Here is a personal story of a house bought for $240,000 in 1992 that later funded buying another house and grew my wealth. This house was bought for $240,000 and sold in 2000 for $360,000. The monthly payment made was lower than rent. My payment for the house was $900 (PITI) instead of $1050 rent (which increased to $1200 by 2000 and is now $2400 in 2019). This amount is not rent for a house but an apartment but I had bought a house.

I compare to rent of an apartment as that’s the most economical rent around and because the other is probably thinking of that low rent not the apples to apples of renting a house with a yard versus owning a house.

One house equity buys another: With that $120,000 from the sale of my starter home, I bought a $700,000 home where the PITI was $3000 and market rents were $2800 ( I had a write off that the renter doesn’t have). Within a couple of years (by 2003) rents exceeded my mortgage payment since they had climbed to A$3450 for a similar house with no view.

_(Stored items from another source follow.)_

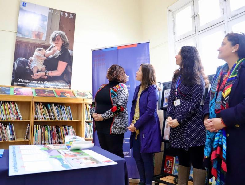La Directora de la Biblioteca Francisca Araneda, junto la Seremi Salud de la región Lorena Cofré Aravena, a Mónica Riveros Directora de Salud de la Corporación Municipal Valparaíso y a Salvador Ángulo Director Regional del Servicio Nacional del Patrimonio Cultural, participaron de este importante hito en el marco de la Semana Mundial de la Lactancia Materna, donde la Comisión Regional Intersectorial de Lactancia Materna otorgó esta doble certificación a la Biblioteca Santiago Severin.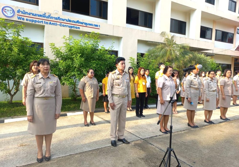 สพป.ชุมพร เขต 1 ร่วมกิจกรรมเข้าแถวเคารพธงชาติ บูชาพระรัตนตรัย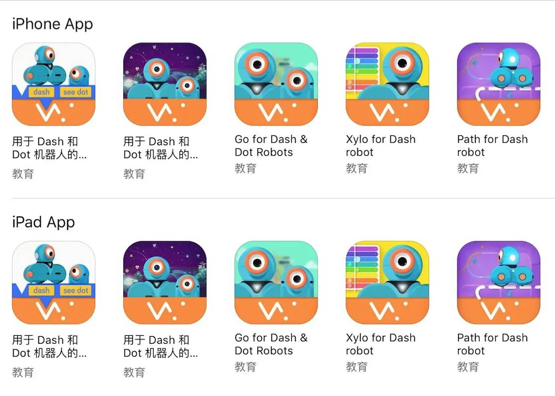 硬件上主要由达奇和一系列可扩展的配件组成,通过5款图像化的 App(Go,Path,Xylo,Blockly和Wonder),孩子们可以自由操纵达奇机器人完成设想的复杂动作。

Fast forward to 2019 value of the home was 1.5mil and now 2019 my neighbor just sold for 2mil, same model home. Lesser view than mine. If I rent out my house today to the average renter I would get $7000 my ALL in mortgage payment is now $4300.

My internal rate of return on the first one was $120,000 divided by $240,000 is 50% over 8 years or 6.25% AND the market rent was $2100 per month had I kept it and rented it out.

The return: On my first home, I put down $80,000 on $240,000 gained $120,000 (minus fees so this is -oversimplified) my cash-on cash return or return on equity was 150% in 8 years or 18.75% – respectable and as I recall the stock market, especially the S&P, suffered some bumps with Japan’s stock market crash and our dotcom bubble.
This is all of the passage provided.